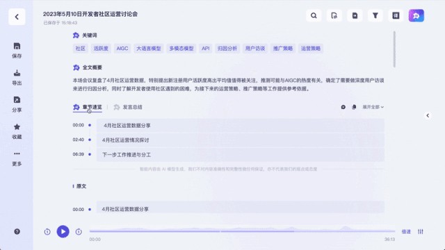 跟以往的錄音轉寫工具不同,它不只是能把錄音、視頻轉成文字這麼簡單。能一鍵總結全文不説,總結不同發言人觀點也能做到:
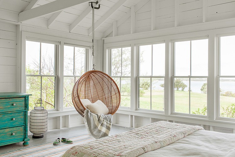 Una apuesta por el blanco con un toque de color, buena inspiración para una pequeña cabaña.
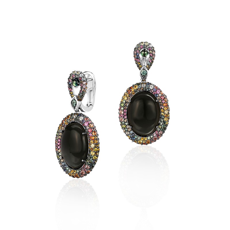 Отзывы о "Серьги с бриллиантом, сапфиром, турмалином и лунным камнем из белого золота 585 пробы (арт. 271586)"
++++++++++
◆ **Required work**:
In your copy, omit the pictures and restate every line of the data word for word.

◆ **Your solution**:
 跟以往的錄音轉寫工具不同,它不只是能把錄音、視頻轉成文字這麼簡單。能一鍵總結全文不説,總結不同發言人觀點也能做到:
 Una apuesta por el blanco con un toque de color, buena inspiración para una pequeña cabaña.
 Отзывы о "Серьги с бриллиантом, сапфиром, турмалином и лунным камнем из белого золота 585 пробы (арт. 271586)"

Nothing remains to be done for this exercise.